Ordinarily, the plaintiff bears the burden of proving a lack of fair consideration but where, as here, "the facts regarding the nature of the consideration are within the transferee's control, the burden of proving the fairness of consideration shifts to the transferee." Ackerman v. Ventimiglia (In re Ventimiglia) , 362 B.R. 71 (Bankr. E.D.N.Y. 2007).
The Trustee also argues that the conveyances were constructively fraudulent under Bankruptcy Code § 548. Under that provision, a trustee may avoid a transfer made by the debtor within two years of the filing of the petition if the debtor did not receive "reasonably equivalent value" in the exchange. 11 U.S.C. § 548(a)(1)(b).

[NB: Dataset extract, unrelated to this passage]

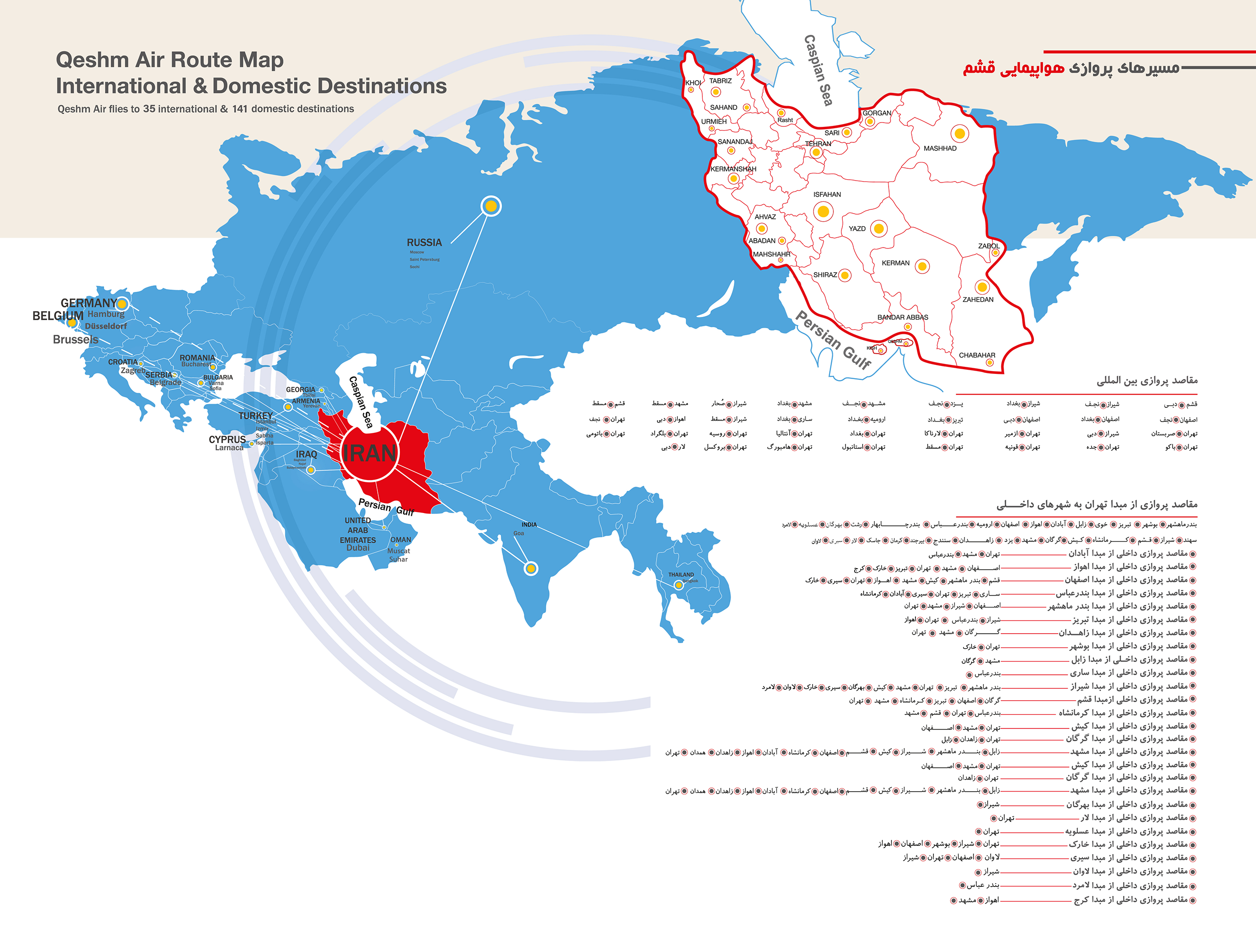 گفتنی است شرکت هواپیمایی قشم تا کنون به ۲۷ مقصد بین المللی و ۲۹ مقصد داخلی پرواز داشته است.

The Bankruptcy Code defines the term "value" as "property, or satisfaction or securing of a present or antecedent debt of the debtor, but does not include an unperformed promise to furnish support to the debtor or to a relative of the debtor." 11 U.S.C.A. § 548(d)(2)(A). The Bankruptcy Code does not define the term "reasonably equivalent value." In re Gonzalez , 342 B.R. 165, 169 (Bankr. S.D.N.Y. 2006). Courts have found that the term does not require the exchange to be "mathematically equal" but "[p]urely emotional benefits, such as love and affection" will not suffice. Id. at 169, 173. Both direct and indirect benefits flowing to the debtor may be considered. In re Akanmu , 502 B.R. 124, 130–31 (Bankr. E.D.N.Y. 2013) (quoting Liquidation Trust v. Daimler AG (In re Old CarCo LLC) , No. 11 Civ. 5039(DLC), 2011 WL 5865193, at *7 (S.D.N.Y. Nov. 22, 2011) ). "Fair consideration" under the NYDCL and "reasonably equivalent value" under section 548(a)(1)(B)(i) have substantially the same meaning. Id. (citing Picard v. Madoff (In re Bernard L. Madoff Inv. Sec. LLC) , 458 B.R. 87, 110 (Bankr.S.D.N.Y.2011) ).

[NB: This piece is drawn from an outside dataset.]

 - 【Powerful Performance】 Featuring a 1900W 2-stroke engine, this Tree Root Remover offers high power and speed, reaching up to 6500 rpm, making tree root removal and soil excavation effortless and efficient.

Both section 548 of the Bankruptcy Code and the NYDCL require that the trustee establish that the Debtors were insolvent when the transfers were made. Whether the Debtors were insolvent at the times of the transfers remains unresolved.
III. DISCUSSION
The conveyances in this case must be broken down into three categories: (A) transfers made for education-related expenses to or for the benefit of both daughters after they reached the age of majority so that they could attend Oberlin College, (B) transfers made for education-related expenses to or for the benefit of Samantha when she was a minor, and (C) transfers to Alexandra after she graduated from college. Summary judgment should be granted to the Trustee with respect to categories (A) and (C) and denied with respect to category (B). Summary judgment should be denied to Alexandra and Samantha with respect to category (A) and (C) and granted to Samantha with respect to category (B).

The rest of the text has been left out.